--- EXERCISE DIRECTIONS ---
Pictures stay out of the answer, but every line of the material must be restated exactly.

--- DATA BELOW ---
------------------------

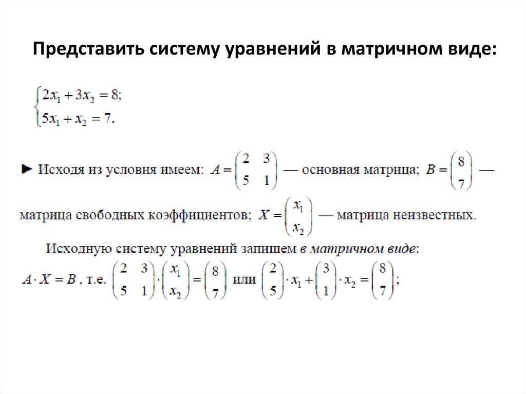 Представить систему уравнений в матричном виде:
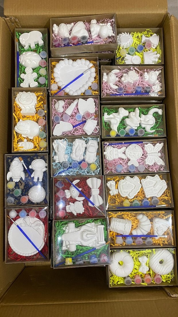 Çok sayıda beyaz alçı figür ve şekil, küçük boya kutuları ve fırçalar içeren yaratıcı hobi ve boyama seti. adet fiyatıdır
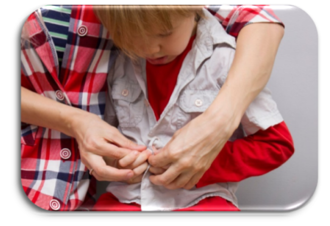 - Ensure that your child is sitting in a stable position, preferably on a chair with their feet supported when fastening or unfastening zips or buttons (off the body).

------------------------

--- RESPONSE TO THIS TASK ---
 Представить систему уравнений в матричном виде:
 Çok sayıda beyaz alçı figür ve şekil, küçük boya kutuları ve fırçalar içeren yaratıcı hobi ve boyama seti. adet fiyatıdır
 - Ensure that your child is sitting in a stable position, preferably on a chair with their feet supported when fastening or unfastening zips or buttons (off the body).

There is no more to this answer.